Prenez une expression toute faite, composée d’un adjectif et d’un substantif. Faites, à chacun de ces deux termes, effectuer un changement de classe linguistique. Transformez l’adjectif en nom, le nom en un verbe dûment conjugué. Et vous voilà, par la magie de ce saut de puce, transporté dans un nouveau référent. Quoi de plus banal que les grandes lessives, qui évoquent au choix la corvée du nettoyage de printemps ou l’assainissement d’un milieu corrompu ? Mais que Les grandes lessivent, et tout à coup se dresse devant nous l’image d’imposantes lavandières battant énergiquement le linge au bord de la rivière. De même, Les bonnes piochent transforment instantanément une paire d’as en un quatuor d’accortes soubrettes s’adonnant à des travaux de jardinage (ou bien se tapant une petite belote pendant que madame est sortie). Les surfaces planes ne rappellent que d’ennuyeux problèmes de géométrie. Mais si Les surfaces planent, c’est sans doute qu’elles ont fumé un joint, et c’est tout l’univers à leur suite qui devient délicieusement instable et mouvant.

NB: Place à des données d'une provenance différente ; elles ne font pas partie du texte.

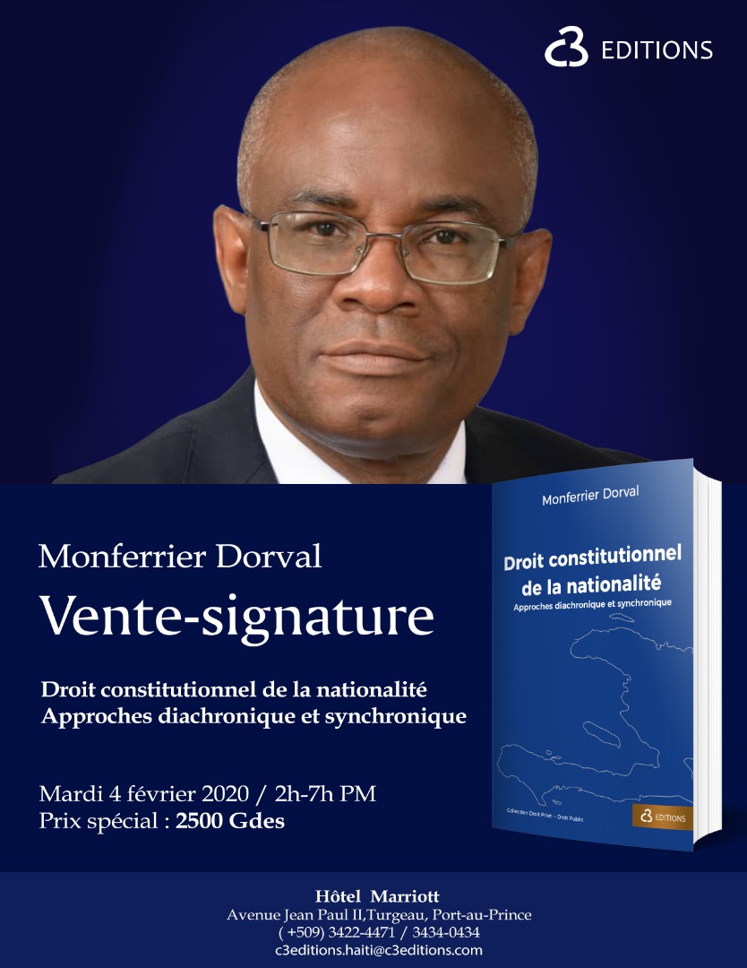 Vous êtes conviés à la vente-signature du livre "Droit constitutionnel de la nationalité" écrit par Monferrier Dorval,le mardi 4 Février 2020,de 2hPM à 7hPM,à l'Hôtel Marriott sis à Avenue Jean Paul II,...

Un verbe en commun, sous-titré scènes conjugales (notez déjà l’astuce), s’emploie à faire jouer les équivoques du langage à la faveur des sens multiples qui s’attachent à certains verbes. À chaque page, un « lui » et une « elle » s’adonnent à leurs activités, chacun dans sa phrase. Plus bas, une troisième phrase tire la morale de l’histoire en les réunissant à l’enseigne d’un verbe commun pourvu de deux sens (au moins), qui se contaminent insidieusement l’un l’autre. Si monsieur commet un excès de vitesse tandis que madame reteint son chemisier dans une couleur plus sombre, on peut logiquement en conclure que la voiture et la teinte foncent. Mais lorsque la brume et les enfants se dissipent, n’échangent-ils pas subrepticement leurs qualités — en sorte que le brouillard fait les quatre cents coups tandis que les enfants s’évaporent dans l’air… Simple comme l’œuf de Christophe Colomb — mais qui, avant la sagace Nelly, y avait songé ?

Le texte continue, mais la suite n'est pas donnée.